The 2001 season saw Iowa State’s roster turnover and record a 7-5 campaign with an Independence Bowl loss. The Cyclones reached as high as No. 9 in the Associated Press poll in 2002, but finished the season 7-7 overall and unranked after a loss to Boise State in the Humanitarian Bowl.
“It’s always difficult to follow up a great season with another one because you have to stay motivated,” Jack Whitver, an Iowa State wide receiver from 2000-02, said. “You have to continue to do the little things that got you to that successful season. The biggest change is you go from being the hunter to the hunted.
“You get a target on your back, and it’s a whole different level of (challenge). It’s a lot more difficult to be the hunted. You get everybody's best shot every week, and that’s different than sneaking up on people.”
'You can't hide anymore'
Iowa State believes its positioned to reach even high levels of success because of the five-year process its taken to reach this place that no Cyclone team before it could.
“There’s a standard of excellence of how we do everything that is demanded day in and day out,” Campbell said. "You can’t hide anymore. If you’re not going to do it to the standard, it sticks out.
“Early on, you could kind of hide because it was easy to talk about it, but it was hard to show that.

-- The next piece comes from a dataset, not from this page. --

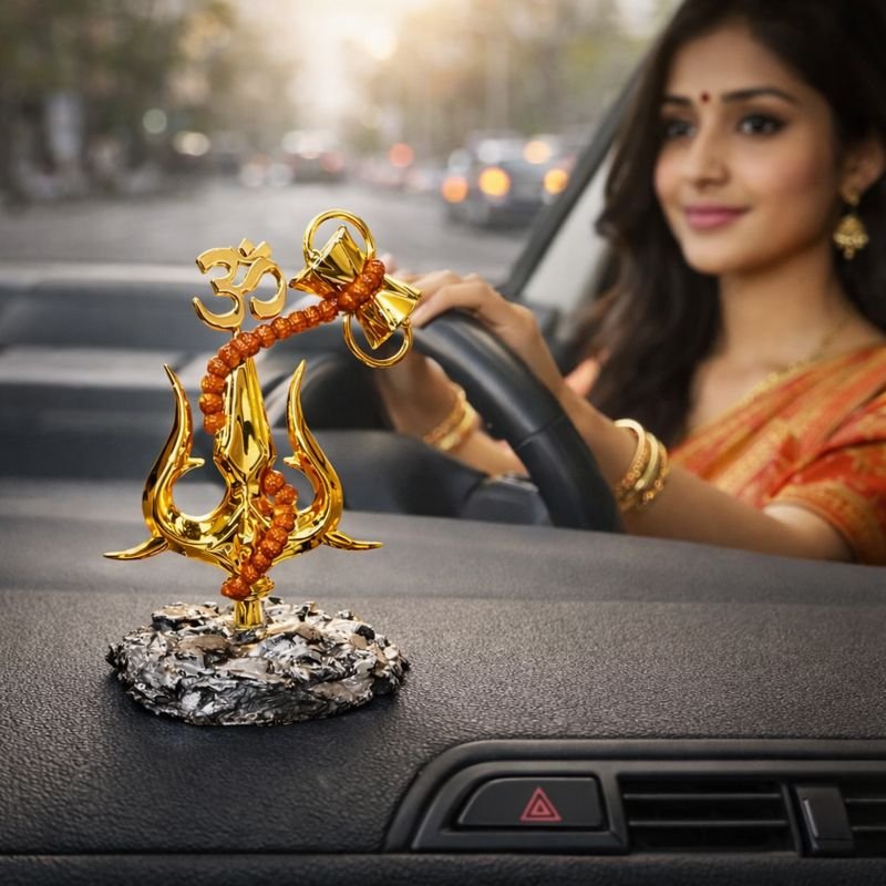 Be the first to review “KAVIART Divine Lord Shiva Trishul Car Dashboard Idol with Om & Damru Decorative Showpiece – 11 cm (Resin, Gold)”

Now, I think it’s being shown by some of the top players in our program of what that looks like. What that excellence looks like day in and day out and really holding those guys accountable to it, but also everybody else in the program.”

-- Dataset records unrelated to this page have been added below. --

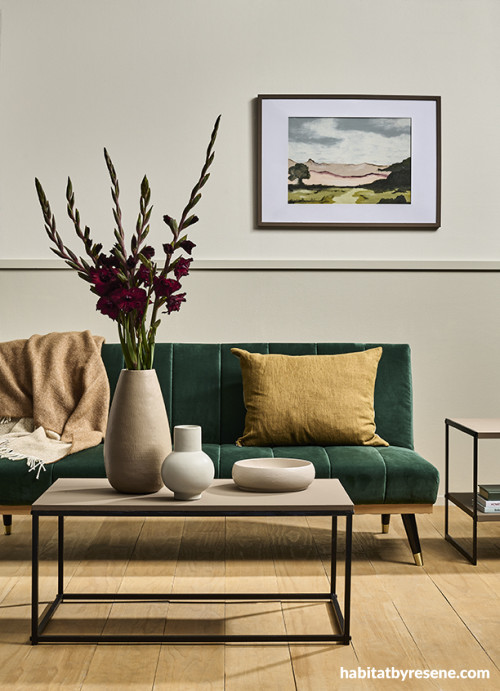 Create a soothing living space using natural tones. The base of this living space and much of its décor is neutral. And yet, the way it has been richly layered with varying tones and textures makes it both interesting and harmonious.Upper wall in Resene Half Thorndon Cream, lower wall and dado rail in Resene Double Thorndon Cream, timber floor in Resene Colorwood Natural, coffee table and side tabletops in Resene Domino, bowl in Resene Half Doeskin, large vase (with gladiolas) in Resene Dusty Road and medium bulb vase in Resene Half Thorndon Cream. DIY landscape painting in Resene Periglacial Blue, Resene Half Thorndon Cream, Resene Lemon Ginger, Resene Middle Earth, Resene Half Doeskin, Resene Domino, Resene Midnight Moss, Resene Soothe and Resene Digeridoo and picture frame in Resene Domino. Sofa from Danske Møbler, throw and cushion from Città Design. Project by Laura Lynn Johnston, image by Bryce Carleton.
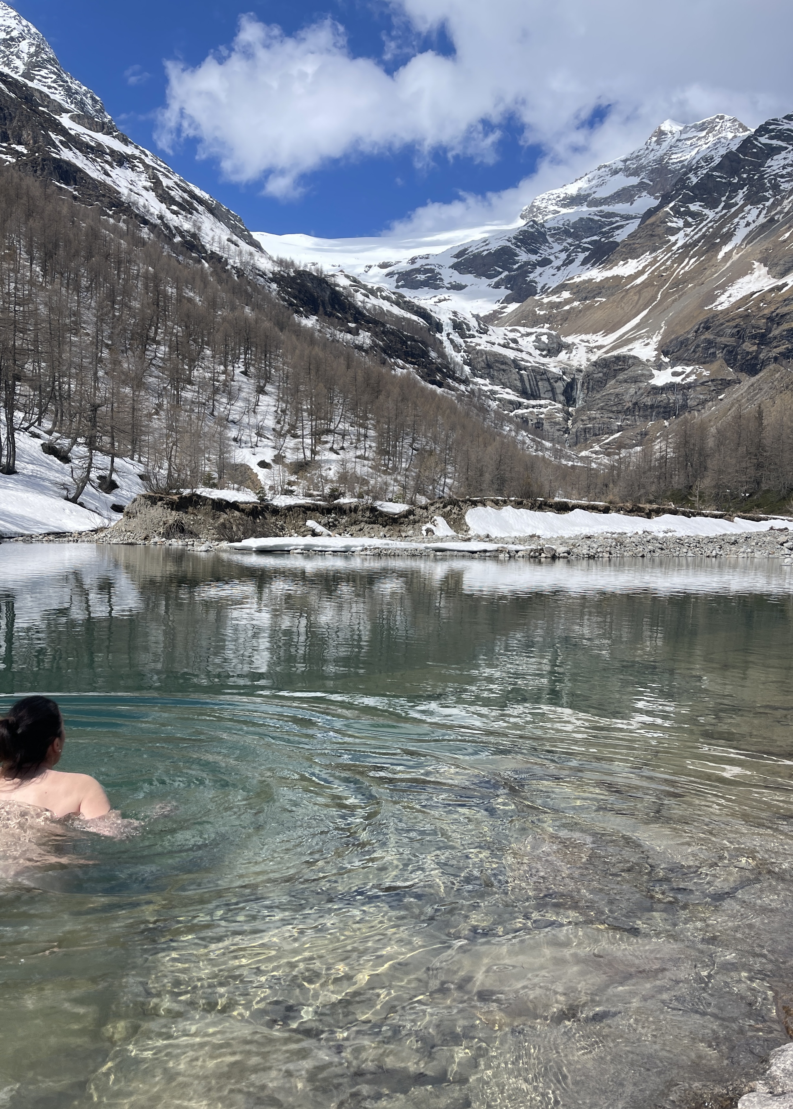 Quand on me montre la remontée vers la gare, je crois à une mauvaise blague.. Elle est genre à mille kilomètres !! J’essaie de me remettre de cette nouvelle catastrophique (lol) quand on passe à côté d’un bassin d’eau gelée et cristalline …. suivez mon regard ! Pål et Émilie sont aussi motivés pour aller faire un plouf… ça fait trop du bien. Après ça, la gare ne me paraît plus si loin, d’autant plus qu’une bonne âme me prendra mes skis pour la montée (comme souvent cette semaine, je suis pourrie gâtée… on s’y habituerait presque).
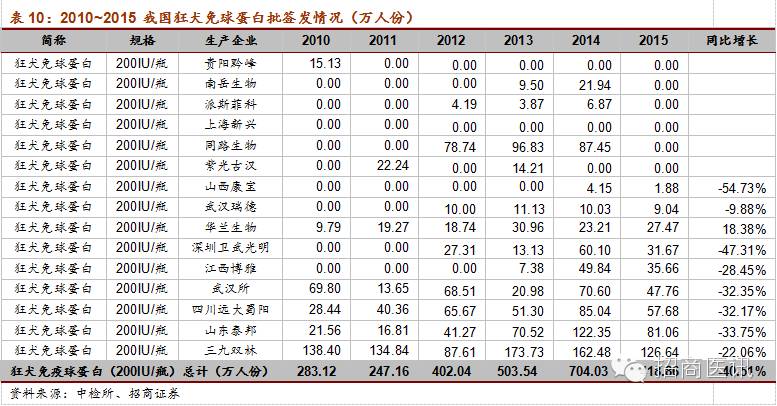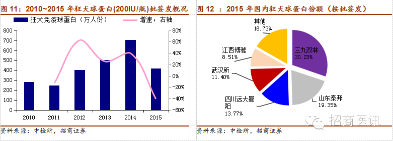 2011年-2014年国内狂犬球蛋白批签量快速增长,CAGR25.57%,2014年批签量达704.03万瓶。随着国内加强宠物、流浪猫狗管理,再加上狂犬疫苗的冲击,狂犬球蛋白需求出现下滑,批签量回调。2015年批签量418.86万瓶,同比下降40.51%。

That what may help separate this Cyclone team from the earlier ones trying to build on a breakthrough — nearly the entire roster, with a number of potential NFL players, All-American candidates and loads of experience, is back from last season.
“Back in 2000, we were led largely by a group of fifth-year seniors that have been through a lot, and finally as seniors put together a really good year where we won a lot of close games,” Whitver said. “There were a lot of guys that played in the NFL that we had to replace, and you have a lot of guys that are anxious to step up into those roles and try to win their spots.

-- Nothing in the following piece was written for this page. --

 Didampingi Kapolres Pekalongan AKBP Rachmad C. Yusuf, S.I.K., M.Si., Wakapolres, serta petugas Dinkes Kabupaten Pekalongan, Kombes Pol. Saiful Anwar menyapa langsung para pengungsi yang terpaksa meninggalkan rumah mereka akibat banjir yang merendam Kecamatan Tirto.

“This year is totally different.”
Mentalities, though, may be the same through the decades.
“People talk about, ‘We broke through the ceiling,’” Amundson said, “but I still think young men and women at that age really think that they should win, so winning is just what you expected.”
Battling any sense of entitlement or complacency is something is well underway for these Cyclones.
“At the start of fall camp, that was something that was kind of a wrench in it,” Allen said, “but then we heard a great quote: ‘If you’ve climbed a mountain before, you still have to start at the base the next time you climb it.’”
Recalibrating after every year, every week and every day is something that Campbell has built his program upon. This season will test the Cyclones in a myriad of ways, and Campbell’s culture, along with every aspect of his team, will be tested like never before.
“It’s always harder to get to the top than stay on top,” Whitver said, “but I would say this team hasn’t been on the top yet. They had a great year. They won the biggest bowl game that Iowa State’s ever won, but if you talk to the players, they don’t feel like they accomplished everything they wanted to. I think you still have that desire, that motivation to keep climbing to get to the top.
“They came back because they’re still hungry.”
It should be noted, as Iowa State embarks on perhaps the most significant and consequential season of its existence, the hungry are rarely patient.